• _Data block_
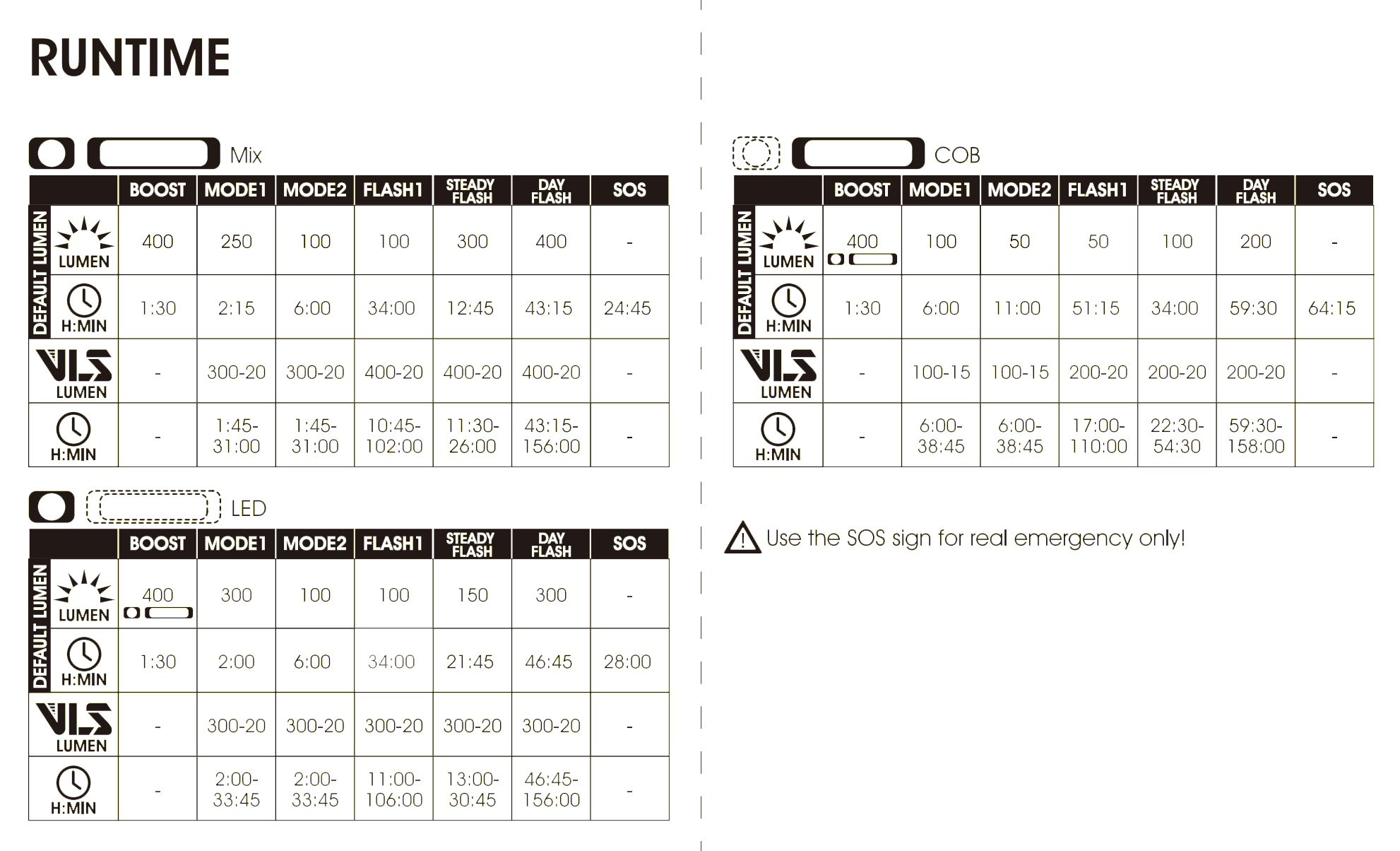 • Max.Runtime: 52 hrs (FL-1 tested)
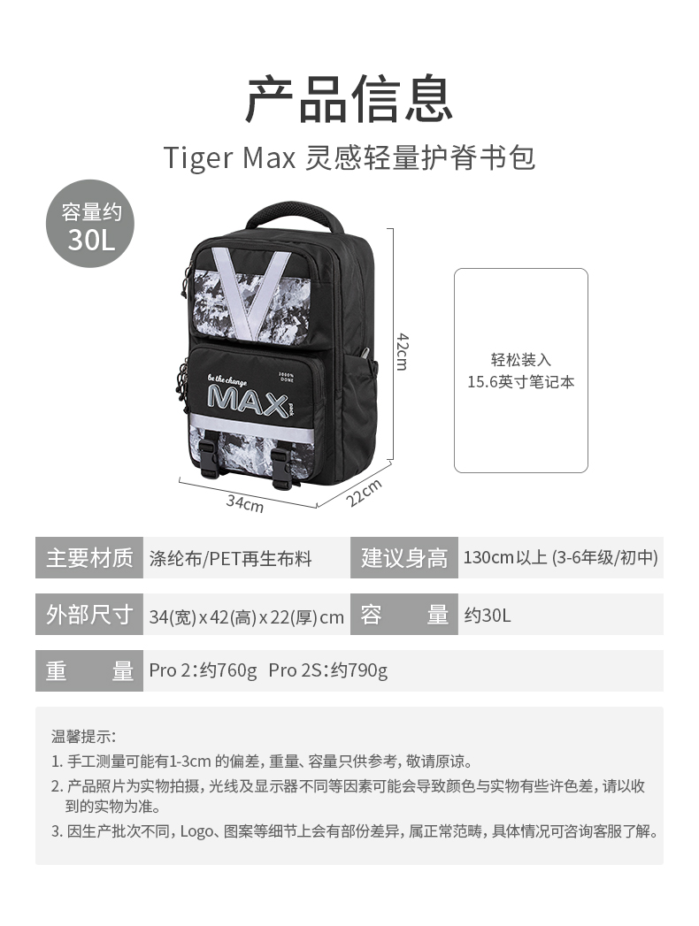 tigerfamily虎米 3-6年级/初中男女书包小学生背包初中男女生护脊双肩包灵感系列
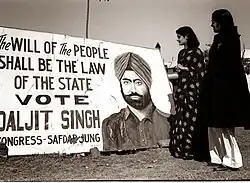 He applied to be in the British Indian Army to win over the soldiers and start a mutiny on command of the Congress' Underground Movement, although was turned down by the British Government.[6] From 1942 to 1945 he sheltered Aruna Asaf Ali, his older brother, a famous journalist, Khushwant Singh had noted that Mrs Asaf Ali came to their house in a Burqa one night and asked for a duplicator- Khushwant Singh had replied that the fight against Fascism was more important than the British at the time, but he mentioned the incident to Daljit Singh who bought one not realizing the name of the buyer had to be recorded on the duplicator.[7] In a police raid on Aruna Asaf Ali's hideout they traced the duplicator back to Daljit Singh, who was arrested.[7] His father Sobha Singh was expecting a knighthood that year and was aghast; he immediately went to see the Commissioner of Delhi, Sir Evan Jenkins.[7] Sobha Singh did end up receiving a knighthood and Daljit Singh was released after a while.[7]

• _Exercise objective_
Return nothing but the lines running from the start of the data to the line with "tigerfamily虎米 3-6年级/", please, both ends included and no pictures.

• _Response area_
 • Max.Runtime: 52 hrs (FL-1 tested)
 tigerfamily虎米 3-6年级/初中男女书包小学生背包初中男女生护脊双肩包灵感系列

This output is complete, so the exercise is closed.